The core trick is building a tree (representing family lineage) with efficient heir lookup. You'll track parent-child relationships, handle new births by inserting nodes, and remove people from succession when they die. The naive approach recomputes heirs every query by walking the tree in depth-first order. That works, but wastes time if queries outnumber updates. The real pattern is maintaining a pruned tree where deaths don't physically remove nodes; they just mark people as dead, so you can skip them during traversal. Hash tables store the family structure, DFS walks it in birth order to find the nth heir. The acceptance rate (65%) reflects that candidates either nail the design immediately or struggle with tree mutations. StealthCoder handles both the data structure shape and the traversal order so you don't waste live time debugging off-by-one heir counts.

Pattern tags

The honest play

You know the problem. Make sure you actually pass it.

Throne Inheritance recycles across companies for a reason. It's medium-tier, and most candidates blank under the timer. StealthCoder is the hedge: an AI overlay invisible during screen share. It reads the problem and surfaces a working solution in under 2 seconds.
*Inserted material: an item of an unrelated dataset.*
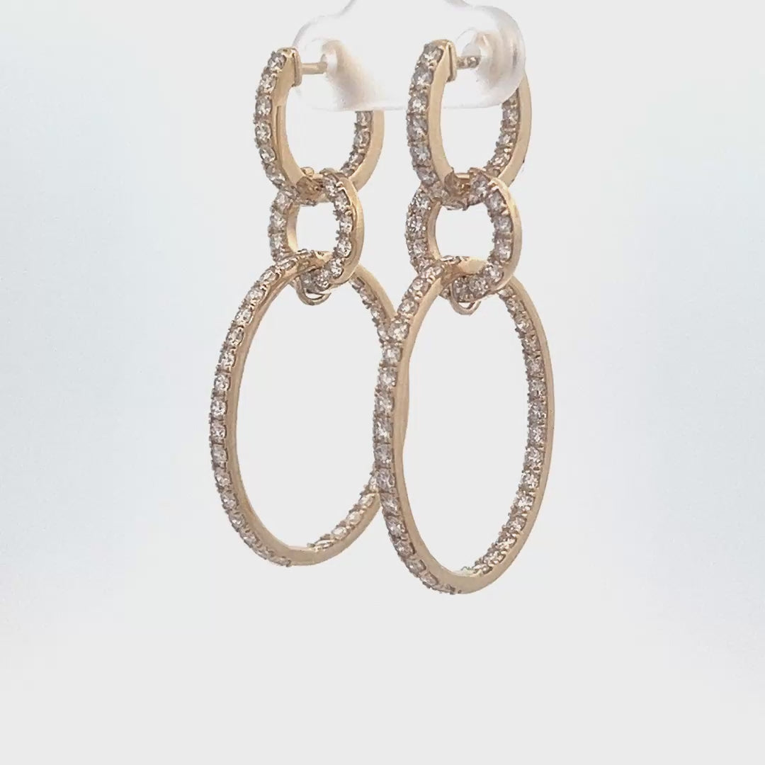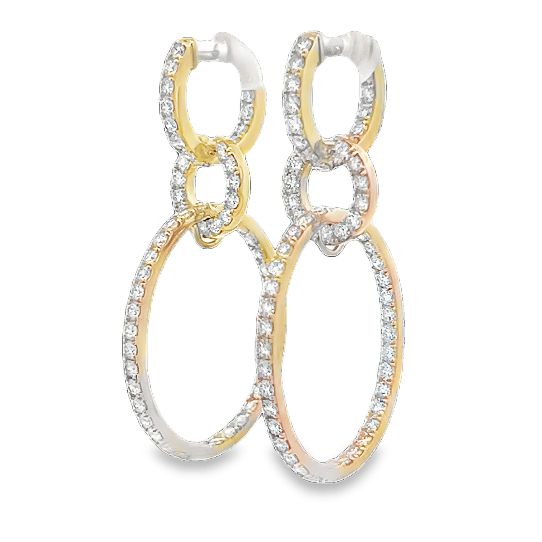 Lady's Yellow 14 Karat Oval Loop Earrings With 118=3.55Tw Round Diamonds(8.5gr)

Built by an Amazon engineer who realized the OA tests how well you memorized 200 problems, not how well you code. Works on HackerRank, CodeSignal, CoderPad, and Karat.

Throne Inheritance interview FAQ

What's the actual trick to this problem?+

You need to maintain a tree structure that represents lineage while efficiently answering "who is the nth heir?" queries after births and deaths. The trick is not recomputing heirs from scratch every query. Use DFS on the tree in birth order and skip dead nodes. Hash tables store children lists for each person so lookups are fast.

Is this still asked by top companies?+

Snowflake has asked it. It's a design problem, not a pure algorithm grind, so it appeals to companies that care about system thinking. It's less common than array or string problems but hits hard when it appears because candidates often undersell their solution or over-engineer it.

Why is the acceptance rate 65%?+

It's marked medium difficulty and the 65% acceptance reflects a clean split: candidates who see the tree structure and DFS order quickly pass, while those who try to optimize too early or mishandle edge cases (like dead nodes in the middle of a line) stumble. The design itself is not complex, but the mutation logic trips people up.

How does this relate to depth-first search and hash tables?+

DFS gives you the correct heir order by walking the tree in birth sequence. Hash tables store the family structure (parent maps to list of children) so you don't have to search for relatives every time. Together they let you answer queries fast without rebuilding the tree each time.

What's the most common mistake candidates make?+

Deleting nodes from the tree when someone dies instead of just marking them dead. Actual deletion shifts the heir count and forces recomputation. Another trap is not respecting the birth order when multiple children exist. The problem is small enough that you can brute force it, but that fails on large families with many updates.